Like the vagaries of nature, rivers too cannot be understood in isolation.
The Kosi River breached its eastern embankment at Kusaha in eastern Nepal on 18 August 2008, flooding the immediate plains of Nepal and northern Bihar. Satellite imagery showed a wide swathe of inundation, as the turbid waters moved southwards to join the Ganga. Even as the Indian and Nepali governments and engineers worked to force the river back to the course it had abandoned, the Barh Mukti Abhiyan of Bihar and Himal Southasian organised a meeting in Patna on 17 December to discuss the many aspects of the Kosi challenge.

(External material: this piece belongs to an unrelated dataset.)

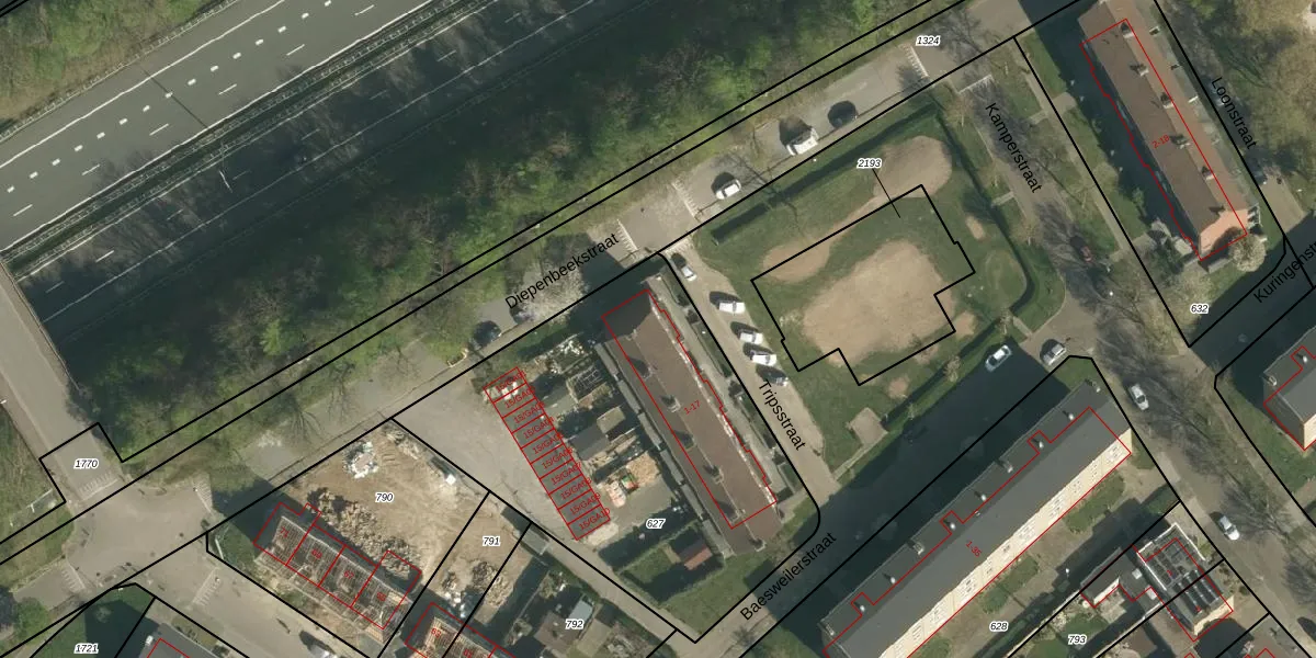 Het perceel waarop Tripsstraat 1 staat heeft een oppervlakte van 1930 m². Dit is een zeer groot perceel. De perceeloppervlakte wordt geregistreerd door het Kadaster. Gedetailleerde informatie over de maten van dit perceel kunt u vinden in het rapport Kadastrale kaart met maatvoering van Tripsstraat 1.

Water experts, engineers, activists, policymakers, researchers and journalists from various parts of India and Nepal participated at the Patna meeting. They focused on the impact of the breach as well as the viability of the given alternatives: keeping the Kosi confined within the existing embankments; building a high dam in Nepal, and other possible engineering solutions; and attempting to integrate the historical experience of living with the flood in the plains, and adjusting livelihoods and infrastructure to the annual inundation. Questions raised at the Patna meeting were threefold. First, is it politically feasible to try to convince the plains people to go back to living with the flood, and focusing on its advantages in terms of siltation and fertility? Second, are embankments truly a boon, as they are presented, or do they actually represent a quick fix that entraps society into a false sense of security, even as river beds rise? Third, is the proposed Kosi high dam in the Nepali interior, with its massive reservoir and attendant inundation of the valleys, the ideal solution that it is portrayed – and what would be the fallout of the siltation of the reservoir over the course of decades? Some of these ideas are expanded upon in the two articles included in this special report, written by roundtable participants Devashis Chatterjee and Kalyan Rudra.
When wrestling with such complex issues, much discussion will be required before we grasp for solutions. Keeping this in mind, the meeting was organised as a forum in which committed experts and activists could share their views, away from the glare of the media spotlight and far from the deterministic positions of the state establishments of both India and Nepal.